Лучшие вожди и отборные воины шли на помощь Трое, тридцать кораблей медными носами рассекали солёные волны.
Тем временем день угас, и дочь Урана Феба на своей ночной колеснице уже летела над Олимпом. Эней не мог уснуть и сам сидел у кормила и правил парусом, когда навстречу ему выплыл из глубины хор подруг – его кораблей, что по воле великой Кибелы стали морскими богинями. Нимфы плыли с ним рядом, словно в дни, когда они были ещё челнами, и было их столько же, сколько стояло у пристани рядом с троянским лагерем кораблей. Завидев царя, они окружили его хороводом, а Кимодокея, самая смелая из всех, догнала корабль, ухватилась правой рукой за корму, поднялась из воды и сказала:
– Вижу, ты не спишь, сын богини? Хорошо, ибо не время теперь спать, но время распустить паруса. Ты не узнаёшь нас? Мы те сосны, что росли по склонам священной Иды, а после были твоими кораблями. Коварный рутул грозил нам огнём и железом, но мы порвали канаты, что держали нас у берега, и пустились в море искать тебя. Ибо Великая Матерь сжалилась над нами, и по её воле мы стали нимфами, чтобы вечно жить в морской пучине. Узнай же, что ныне Асканий, сын твой, кольцом врагов осаждён в лагере, и одержимые Марсом италийцы со всех сторон грозят ему копьями. Храбрый этруск и аркадский всадник уже заняли места, готовясь к битве, но Турн готовит конные отряды, чтобы не дать им пробиться к тевкрам. Воспрянь же духом и, как только загорится заря, зови к оружию новых союзников. Готовься к битве, облачайся в доспехи и крепко держи золотой щит, что выковал для тебя огнемощный бог. Ибо завтрашний день, верь моему слову, будет днём великой битвы и последним днём для многих твоих врагов!

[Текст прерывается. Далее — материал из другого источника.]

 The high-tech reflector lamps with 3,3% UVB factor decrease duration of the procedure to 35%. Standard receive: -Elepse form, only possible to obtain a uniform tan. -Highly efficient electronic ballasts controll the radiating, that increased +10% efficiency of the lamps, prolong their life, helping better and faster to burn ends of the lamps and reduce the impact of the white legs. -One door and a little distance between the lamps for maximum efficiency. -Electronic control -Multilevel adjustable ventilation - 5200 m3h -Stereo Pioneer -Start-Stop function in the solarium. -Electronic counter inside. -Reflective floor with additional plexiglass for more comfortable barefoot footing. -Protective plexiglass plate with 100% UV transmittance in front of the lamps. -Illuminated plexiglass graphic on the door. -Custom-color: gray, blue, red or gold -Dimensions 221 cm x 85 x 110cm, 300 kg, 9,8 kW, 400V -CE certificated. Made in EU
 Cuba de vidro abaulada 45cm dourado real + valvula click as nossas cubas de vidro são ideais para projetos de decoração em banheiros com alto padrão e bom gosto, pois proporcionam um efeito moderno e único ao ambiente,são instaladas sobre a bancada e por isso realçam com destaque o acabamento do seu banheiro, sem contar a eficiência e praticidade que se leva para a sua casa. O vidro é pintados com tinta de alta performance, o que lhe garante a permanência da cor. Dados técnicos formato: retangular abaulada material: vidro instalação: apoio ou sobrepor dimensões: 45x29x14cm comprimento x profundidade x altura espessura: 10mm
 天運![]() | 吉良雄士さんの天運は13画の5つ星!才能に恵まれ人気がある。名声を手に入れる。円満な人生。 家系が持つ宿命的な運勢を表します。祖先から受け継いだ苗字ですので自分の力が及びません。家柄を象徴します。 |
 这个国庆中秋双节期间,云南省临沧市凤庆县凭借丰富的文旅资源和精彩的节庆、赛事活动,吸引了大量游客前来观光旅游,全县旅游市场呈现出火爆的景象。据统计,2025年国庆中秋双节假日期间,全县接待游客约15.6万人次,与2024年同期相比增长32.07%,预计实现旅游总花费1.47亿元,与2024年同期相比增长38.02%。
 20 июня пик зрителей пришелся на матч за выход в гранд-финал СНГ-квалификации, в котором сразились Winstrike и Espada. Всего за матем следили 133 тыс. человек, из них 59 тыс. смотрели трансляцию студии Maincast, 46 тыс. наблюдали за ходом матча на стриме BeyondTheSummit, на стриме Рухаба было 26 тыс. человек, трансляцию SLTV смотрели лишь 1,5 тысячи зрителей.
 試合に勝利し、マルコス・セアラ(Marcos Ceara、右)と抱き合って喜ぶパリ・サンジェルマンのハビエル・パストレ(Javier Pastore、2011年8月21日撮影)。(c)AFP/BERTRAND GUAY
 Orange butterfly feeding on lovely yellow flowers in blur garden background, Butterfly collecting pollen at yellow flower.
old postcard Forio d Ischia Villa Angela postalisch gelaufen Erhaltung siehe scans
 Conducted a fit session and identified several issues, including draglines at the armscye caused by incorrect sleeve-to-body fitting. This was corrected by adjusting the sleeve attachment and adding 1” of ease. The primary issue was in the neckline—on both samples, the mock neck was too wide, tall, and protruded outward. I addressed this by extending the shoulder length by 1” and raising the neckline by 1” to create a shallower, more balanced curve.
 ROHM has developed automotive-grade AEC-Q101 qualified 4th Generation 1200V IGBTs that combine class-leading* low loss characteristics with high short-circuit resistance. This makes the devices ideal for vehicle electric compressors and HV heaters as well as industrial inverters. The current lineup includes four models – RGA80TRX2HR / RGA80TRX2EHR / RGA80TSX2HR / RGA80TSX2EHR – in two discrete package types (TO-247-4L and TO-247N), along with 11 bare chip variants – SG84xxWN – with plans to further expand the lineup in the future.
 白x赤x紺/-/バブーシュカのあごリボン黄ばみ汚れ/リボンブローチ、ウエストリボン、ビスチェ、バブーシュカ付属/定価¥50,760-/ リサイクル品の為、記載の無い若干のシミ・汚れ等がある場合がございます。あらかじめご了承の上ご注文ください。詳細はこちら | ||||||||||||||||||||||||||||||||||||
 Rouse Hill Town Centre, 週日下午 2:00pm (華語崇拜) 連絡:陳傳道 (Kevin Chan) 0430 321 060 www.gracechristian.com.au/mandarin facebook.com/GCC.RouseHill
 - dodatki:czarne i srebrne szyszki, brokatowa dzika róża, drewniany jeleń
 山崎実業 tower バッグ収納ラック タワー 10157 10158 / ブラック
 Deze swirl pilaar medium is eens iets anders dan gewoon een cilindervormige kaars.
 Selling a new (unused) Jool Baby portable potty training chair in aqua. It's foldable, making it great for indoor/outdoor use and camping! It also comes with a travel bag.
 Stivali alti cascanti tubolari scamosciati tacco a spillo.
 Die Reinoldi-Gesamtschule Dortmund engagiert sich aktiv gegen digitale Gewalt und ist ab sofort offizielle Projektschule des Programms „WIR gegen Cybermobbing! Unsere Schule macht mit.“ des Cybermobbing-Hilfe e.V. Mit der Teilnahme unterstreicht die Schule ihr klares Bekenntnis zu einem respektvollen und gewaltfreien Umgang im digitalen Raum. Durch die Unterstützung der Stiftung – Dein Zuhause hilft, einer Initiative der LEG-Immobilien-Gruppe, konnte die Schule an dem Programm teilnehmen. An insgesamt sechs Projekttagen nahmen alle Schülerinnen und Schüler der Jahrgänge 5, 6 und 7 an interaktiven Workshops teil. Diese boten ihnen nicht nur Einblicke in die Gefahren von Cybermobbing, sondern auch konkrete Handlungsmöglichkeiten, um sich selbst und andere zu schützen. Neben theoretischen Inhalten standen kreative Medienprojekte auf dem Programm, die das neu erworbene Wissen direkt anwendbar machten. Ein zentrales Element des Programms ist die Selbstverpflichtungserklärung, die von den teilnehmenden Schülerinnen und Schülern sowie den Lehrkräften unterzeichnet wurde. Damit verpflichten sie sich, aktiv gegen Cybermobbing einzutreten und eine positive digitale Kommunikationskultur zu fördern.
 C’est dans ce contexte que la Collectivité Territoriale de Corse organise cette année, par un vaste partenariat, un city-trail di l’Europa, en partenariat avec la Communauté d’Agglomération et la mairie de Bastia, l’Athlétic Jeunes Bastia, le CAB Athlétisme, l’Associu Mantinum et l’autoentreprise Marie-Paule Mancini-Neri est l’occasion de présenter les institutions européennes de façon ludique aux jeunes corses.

Прежде чем скрыться в волнах, Кимодокея толкнула рукой корабль, и он полетел по волнам быстрее копья или же стрелы, что в своём полёте обгоняет ветер. Эней, в изумлении внимавший нимфе, ободрённый новым знамением, поднял глаза к небесам и вознёс молитву Кибеле:
– О благая Матерь богов! Высокий Диндим – твой дом, и пара львов – кони для твоей колесницы. Башни и города Фригии вручены твоим заботам! Будь же нашим вождём на поле боя, благосклонной стопой снизойди к своим фригийцам и осени нас своим божественным присутствием!
Тем временем заалела заря, яркое сияние дня прогнало с небосклона Ночь, и Эней подал знак готовиться к бою. Завидев впереди лагерь и стоявших на стенах тевкров, он высоко поднял свой золотой щит, тот загорелся на солнце ослепительным блеском, и поднявшийся до неба радостный клич дарданцев был ему ответом. Надежда разожгла защитников лагеря, и с новой яростью они стали метать во врагов копья. Так весной журавли летят в небе над водами Стримона, перекликаясь протяжными голосами, и попутный ветер несёт их крики впереди туч.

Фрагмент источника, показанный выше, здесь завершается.